Sensing the output of the sensing channel includes sequentially inputting the input current supplied from the current source and integrating the input current for each sensing channel to output the sensing voltage.

The step of sensing the noise includes outputting noise generated without an input current from a sensing channel adjacent to the sensing channel every time a sensing voltage is output from the sensing channel.

The sensing voltage of the first or the last sensing channel among the plurality of sensing channels is subtracted from the noise sensed from the dummy sensing channel adjacent to the first or last sensing channel.

A method and apparatus for current sensing of an OLED display device according to the present invention includes sensing an output current for each channel in a calibration process of a sensing unit using a current source and sensing noise through an adjacent sensing channel to remove noise from the channel sensing value, The accurate offset and gain can be extracted and stored from the channel sensing value.

Therefore, the current sensing method and apparatus of the OLED display according to the present invention compensates the sensing data (pixel information) by reflecting the correct offset and gain when sensing the pixel current, and from the sensing data (pixel information) By extracting and storing the compensation value according to the characteristic, the uneven brightness can be compensated by using the stored compensation value.

1 is a block diagram schematically showing a current sensing device of an OLED display according to an embodiment of the present invention.
FIG. 2 is an equivalent circuit diagram showing the structure of one subpixel shown in FIG. 1, for example.
FIG. 3 is a view for explaining the sensing mode of the current sensing device shown in FIG. 1 step by step.
4 is a block diagram showing an internal configuration of the data driver shown in FIG.
5 is a circuit diagram specifically showing the sensing unit shown in FIG.
FIG. 6 is an equivalent circuit diagram showing embodiments of the noise removing unit shown in FIG. 5. FIG.
7 is a graph showing sensing data of each channel by the current sensing device of the OLED display according to the present invention.
FIG. 8 is a graph illustrating a noise removing effect of the current sensing device of the OLED display device according to the present invention in comparison with the conventional art.

1 is a block diagram schematically showing a current sensing device of an OLED display according to an embodiment of the present invention.

The current sensing device of the OLED display shown in FIG. 1 includes a display panel 100, a data driver 200, a timing controller 300, a memory 400, and the like.

The display panel 100 includes a pixel array in the form of a matrix and each pixel of the pixel array has R (Red), G (Green), B (Blue) subpixels SP, White) sub-pixels SP. Each sub-pixel SP includes a pixel circuit for independently supplying an OLED element and a current proportional to the data signal supplied from the data driver 200 to the OLED element.

The data driver 200 includes a data supply unit 210 for supplying a data signal to the display panel 100, a sensing unit 220 for sensing a pixel current from each subpixel SP of the display panel 100, A current source 230 for supplying a current to the unit 220, and the like. The data driver 200 further supplies a reference voltage Vref (FIG. 2) or a high potential power supply (EVDD) (FIG. 2) necessary for driving each subpixel SP.
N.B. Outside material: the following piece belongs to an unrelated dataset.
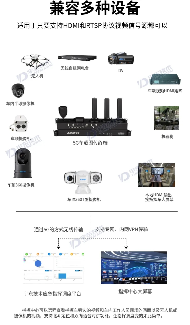 YD-GB8010-1U產品采用H.265超高壓縮算法,無線網絡自適應視頻編碼和傳輸技術,最大限度地有效利用傳輸帶寬,保證視頻傳輸的清晰度和流暢性,在無線網絡帶寬不是很穩定的環境下,傳輸效果遠超國內外同類產品。設備遠程視頻瀏覽、遠程控制、地理位置定位、語音對講等,它可以幫助客戶隨時隨地了解車輛的實時狀況和位置,同時支持遠程指揮和調度。

The data supply unit 210 converts the digital data input from the timing controller 300 into analog data signals in the display mode and the sensing mode, respectively, and outputs the analog data signals to the data lines of the display panel 100.

The sensing unit 220 senses a pixel current output from the sub pixels SP driven using the sensing data signal supplied from the data supply unit 210 and supplies the sensing result to the timing controller 300 as pixel information do. The pixel information of each subpixel SP has characteristic information of a driving TFT such as a threshold voltage and a mobility of the driving TFT DT and deterioration information of the OLED element such as a threshold voltage of the OLED element, The threshold voltage, the mobility, and the threshold voltage of the OLED device.

The sensing unit 220 senses an output current varying according to channel characteristics (resistance, capacitance, etc.) of the sensing unit 220 using the ideal current source 230 in the calibration step before sensing the pixel current, And supplies the result to the timing controller 300 as channel information. At this time, the sensing unit 220 senses the output current for each channel using the current source 230, senses the noise through the adjacent channel, removes the noise from the output sensing value, and outputs the noise as a channel sensing value. Accordingly, the sensing unit 220 may convert the channel sensing value, which is input through the current source 230 or the like, into digital data, and output the channel sensing value to the timing controller 300 .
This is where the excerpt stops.